→ **What the exercise asks**:
Restate all of the entries exactly. Any picture in them should be skipped.

=== Begin Enclosure ===

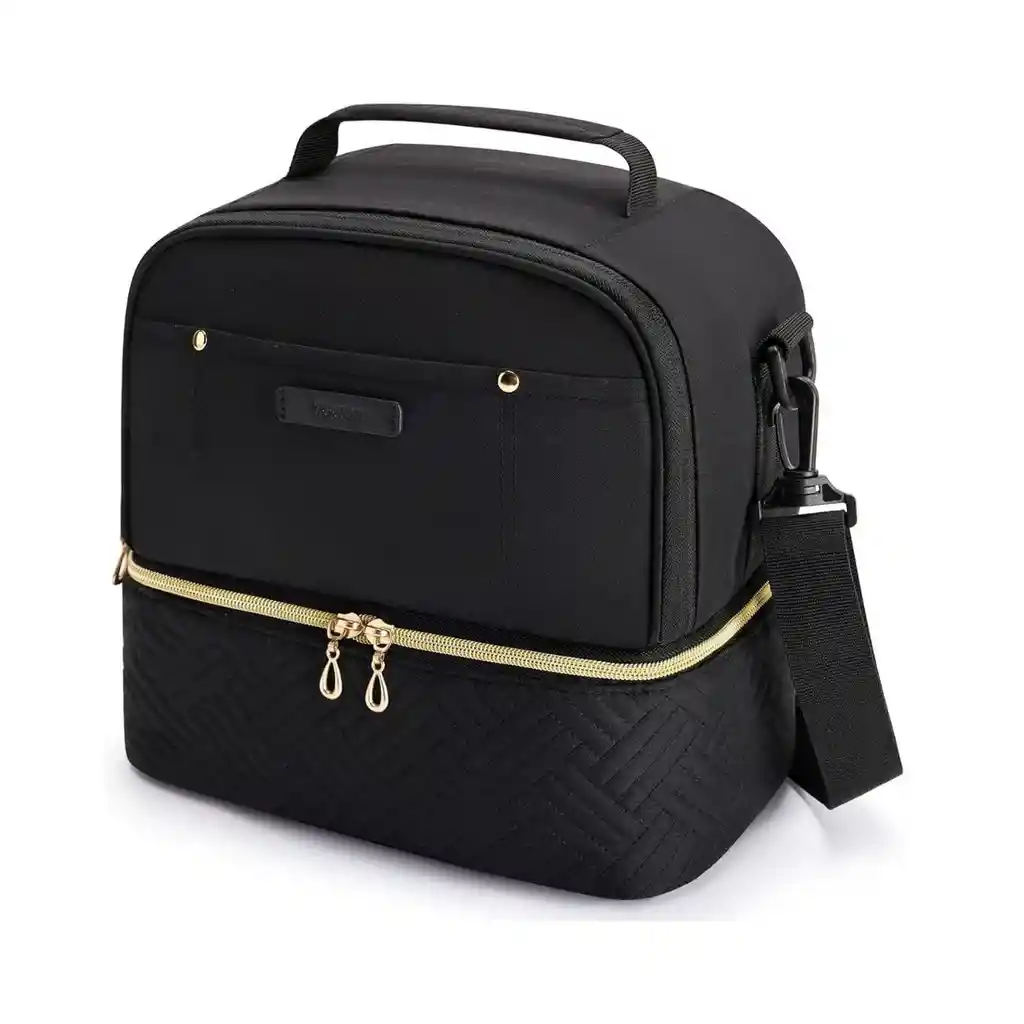 "Tourit Lonchera con Aislamiento Térmico Cubierta Doble 10,6L • Doble Cubierta • Alimentos fríos y calientes separados • Diseño unisex ligero • Capacidad de 10.6 L • Hasta 9 latas Lonchera de Doble Cubierta Dos secciones aisladas permiten empacar alimentos calientes separados de los alimentos fríos, evitan que los alimentos se apilen y aprieten. La sección superior es perfecta para artículos sin fugas como frutas, aperitivos; la sección inferior ""fría"" está aislada con forro de PEVA suave, perfecto para enfriar bebidas, almuerzo, etc Aislamiento a Largo Plazo El forro de la lonchera está hecho de material PEVA, interior acolchado con espuma EPE de 5 mm para mantener la comida fría/caliente/fresca hasta 12 horas. El exterior de la lonchera está fabricado con material repelente al agua para mayor durabilidad y fácil de limpiar. Gran Capacidad Capacidad total de 10.6 L, lo suficientemente espaciosa como para almacenar 9 latas (355 ml) o tu almuerzo como sándwich, ensalada, bebidas y frutas, etc., ideal para empacar toda tu comida y aperitivos durante todo el día. Diseño de Separador Extraíble y Múltiples Bolsillos Cuenta con 1 separador extraíble del compartimento inferior que permite fijar la posición de la comida y evitar que los artículos se muevan. También 2 secciones principales de almacenamiento; 1 bolsillo frontal para cosas pequeñas; 1 bolsillo interior de malla para guardar utensilios o paquetes de hielo. Versatilidad Portátil Equipado con una correa de hombro ajustable y desmontable con acolchado y asa de agarre fuerte para darte dos opciones para llevar cómodamente la bolsa. La bolsa de almuerzo pesa solo 454 g, que es una bolsa de almuerzo perfecta para mujeres y hombres para llevar el almuerzo a la oficina, picnic, parque y al aire libre. Detalles técnicos: Marca: Tourit Modelo: TR2105014AN Medidas: 26 x 16 x 25.4 cm Material: material PEVA Peso: 454 g"
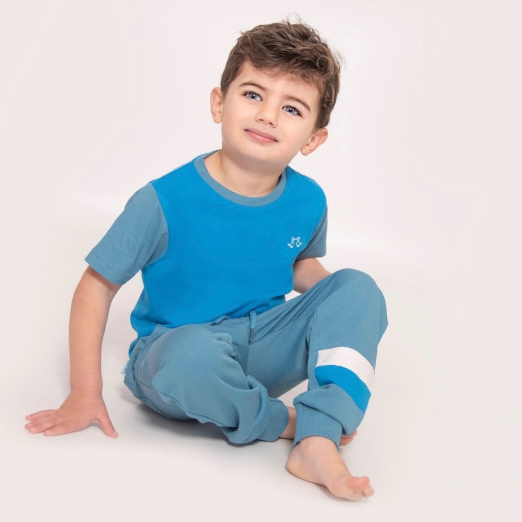 Relax and play in our soft lounge tee in calming blues.
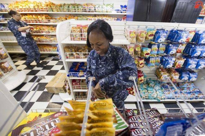 航母上负责超市工作的舰员正在商品上架,细节上能看到我们生活中超市里也多见的彩虹
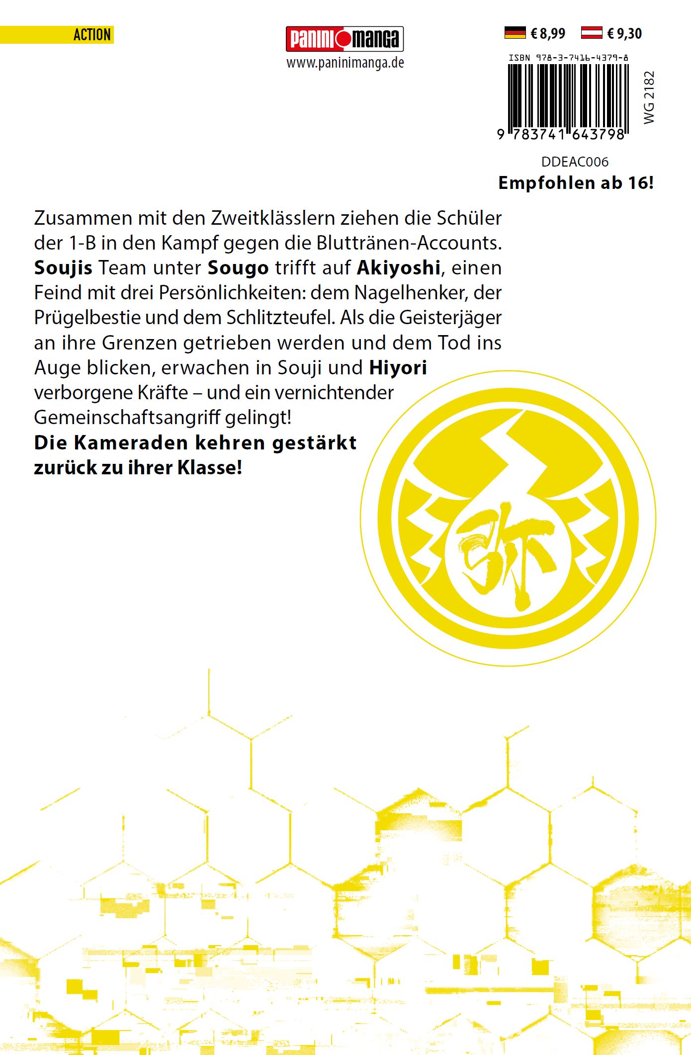 Die Geister von heute hausen in Smartphones! Vielleicht auch in deinem … Streitlustig und zerstörungsfreudig: Das ist der 15-jährige Souji Enishiro, besser bekannt als „Aoringo“, ein berüchtigter Streamer, der durch schockierende Videos Geld scheffelt. Für die Gesellschaft ist er die reinste Plage, aber in Wirklichkeit ist er ein herzensguter Junge, der seine Schwester Akari und Süßigkeiten über alles liebt. Seine Skandalvideos dienen nur dazu, die teuren Behandlungskosten seiner kranken Schwester zu decken. Solange sie gesund ist, ist Souji glücklich – selbst wenn die ganze Welt ihn hasst. Doch dann widerfährt Akari ein Unglück … Das erwartet dich in Band 6:Zusammen mit den Zweitklässlern ziehen die Schüler der 1-B in den Kampf gegen die Bluttränen-Accounts. Soujis Team unter Sougo trifft auf Akiyoshi, einen Feind mit drei Persönlichkeiten: dem Nagelhenker, der Prügelbestie und dem Schlitzteufel. Als die Geisterjäger an ihre Grenzen getrieben werden und dem Tod ins Auge blicken, erwachen in Souji und Hiyori verborgene Kräfte – und ein vernichtender Gemeinschaftsangriff gelingt! Die Kameraden kehren gestärkt zurück zu ihrer Klasse!Die Mission lautet: Vertreibe die digitalen Geister in diesem Schul-Geister-Battle-Fantasy-Manga!
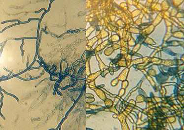 شكل يبين: (يسارا) الفطر ريزكتونيا سولاني (يمينا) طوره الكامل كما يبدو تحت الميكروسكوب
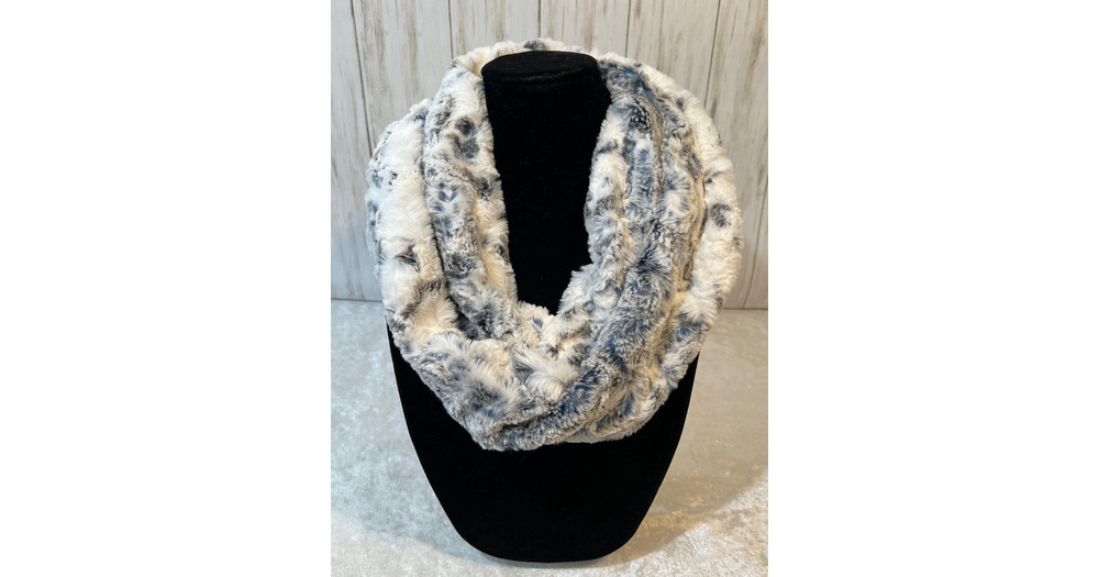 Minky Infinity Cowl Scarf of Snowy Owl Navy Luxe Cuddle, Luxury Faux Fur, Christmas Gift, Womans Gif
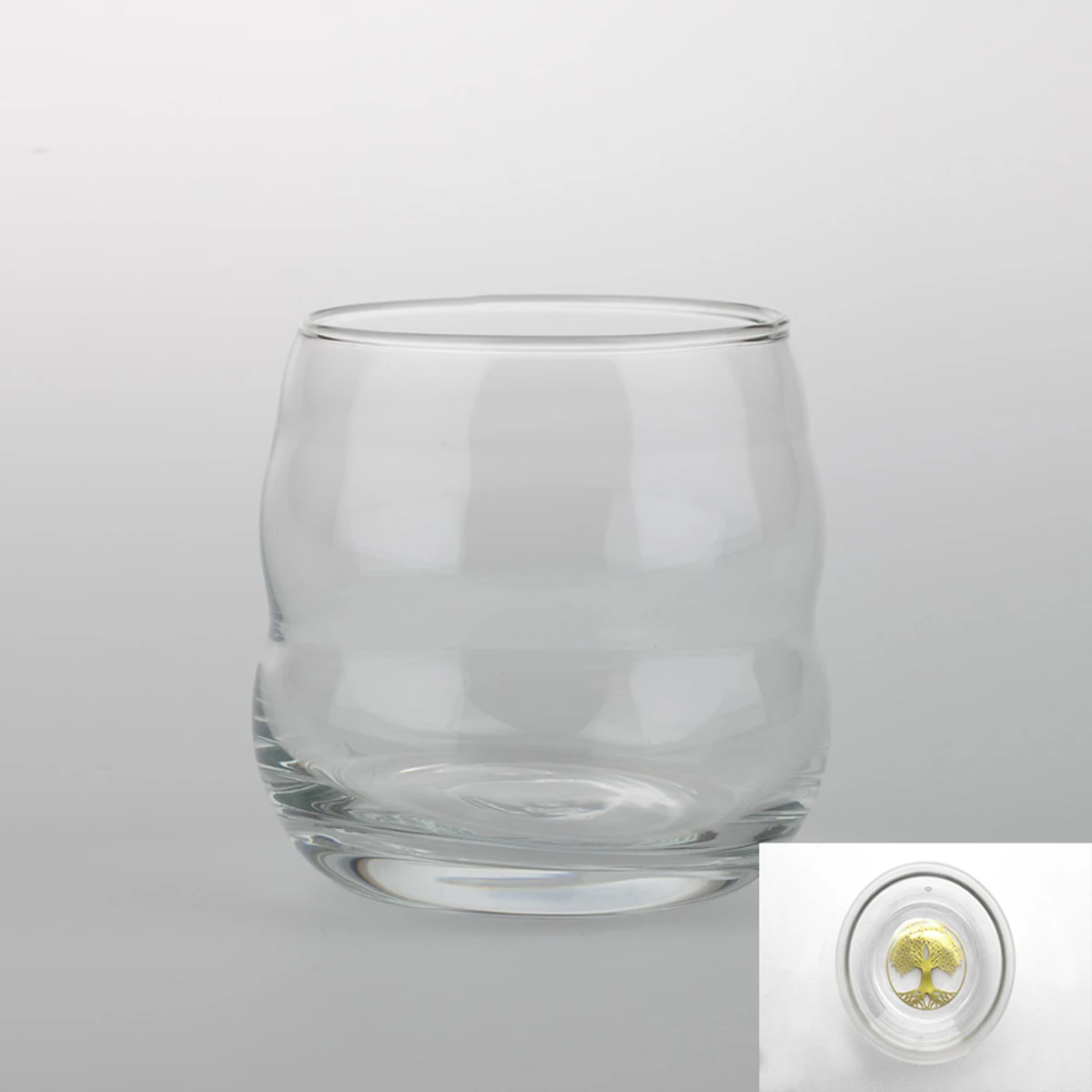 Material: bleifreies Glas, 23.8 Karat Gold Lebensbaum im Glasboden eingebrannt.

=== End Enclosure ===

→ **Exercise solution**:
 "Tourit Lonchera con Aislamiento Térmico Cubierta Doble 10,6L • Doble Cubierta • Alimentos fríos y calientes separados • Diseño unisex ligero • Capacidad de 10.6 L • Hasta 9 latas Lonchera de Doble Cubierta Dos secciones aisladas permiten empacar alimentos calientes separados de los alimentos fríos, evitan que los alimentos se apilen y aprieten. La sección superior es perfecta para artículos sin fugas como frutas, aperitivos; la sección inferior ""fría"" está aislada con forro de PEVA suave, perfecto para enfriar bebidas, almuerzo, etc Aislamiento a Largo Plazo El forro de la lonchera está hecho de material PEVA, interior acolchado con espuma EPE de 5 mm para mantener la comida fría/caliente/fresca hasta 12 horas. El exterior de la lonchera está fabricado con material repelente al agua para mayor durabilidad y fácil de limpiar. Gran Capacidad Capacidad total de 10.6 L, lo suficientemente espaciosa como para almacenar 9 latas (355 ml) o tu almuerzo como sándwich, ensalada, bebidas y frutas, etc., ideal para empacar toda tu comida y aperitivos durante todo el día. Diseño de Separador Extraíble y Múltiples Bolsillos Cuenta con 1 separador extraíble del compartimento inferior que permite fijar la posición de la comida y evitar que los artículos se muevan. También 2 secciones principales de almacenamiento; 1 bolsillo frontal para cosas pequeñas; 1 bolsillo interior de malla para guardar utensilios o paquetes de hielo. Versatilidad Portátil Equipado con una correa de hombro ajustable y desmontable con acolchado y asa de agarre fuerte para darte dos opciones para llevar cómodamente la bolsa. La bolsa de almuerzo pesa solo 454 g, que es una bolsa de almuerzo perfecta para mujeres y hombres para llevar el almuerzo a la oficina, picnic, parque y al aire libre. Detalles técnicos: Marca: Tourit Modelo: TR2105014AN Medidas: 26 x 16 x 25.4 cm Material: material PEVA Peso: 454 g"
 Relax and play in our soft lounge tee in calming blues.
 航母上负责超市工作的舰员正在商品上架,细节上能看到我们生活中超市里也多见的彩虹
 Die Geister von heute hausen in Smartphones! Vielleicht auch in deinem … Streitlustig und zerstörungsfreudig: Das ist der 15-jährige Souji Enishiro, besser bekannt als „Aoringo“, ein berüchtigter Streamer, der durch schockierende Videos Geld scheffelt. Für die Gesellschaft ist er die reinste Plage, aber in Wirklichkeit ist er ein herzensguter Junge, der seine Schwester Akari und Süßigkeiten über alles liebt. Seine Skandalvideos dienen nur dazu, die teuren Behandlungskosten seiner kranken Schwester zu decken. Solange sie gesund ist, ist Souji glücklich – selbst wenn die ganze Welt ihn hasst. Doch dann widerfährt Akari ein Unglück … Das erwartet dich in Band 6:Zusammen mit den Zweitklässlern ziehen die Schüler der 1-B in den Kampf gegen die Bluttränen-Accounts. Soujis Team unter Sougo trifft auf Akiyoshi, einen Feind mit drei Persönlichkeiten: dem Nagelhenker, der Prügelbestie und dem Schlitzteufel. Als die Geisterjäger an ihre Grenzen getrieben werden und dem Tod ins Auge blicken, erwachen in Souji und Hiyori verborgene Kräfte – und ein vernichtender Gemeinschaftsangriff gelingt! Die Kameraden kehren gestärkt zurück zu ihrer Klasse!Die Mission lautet: Vertreibe die digitalen Geister in diesem Schul-Geister-Battle-Fantasy-Manga!
 شكل يبين: (يسارا) الفطر ريزكتونيا سولاني (يمينا) طوره الكامل كما يبدو تحت الميكروسكوب
 Minky Infinity Cowl Scarf of Snowy Owl Navy Luxe Cuddle, Luxury Faux Fur, Christmas Gift, Womans Gif
 Material: bleifreies Glas, 23.8 Karat Gold Lebensbaum im Glasboden eingebrannt.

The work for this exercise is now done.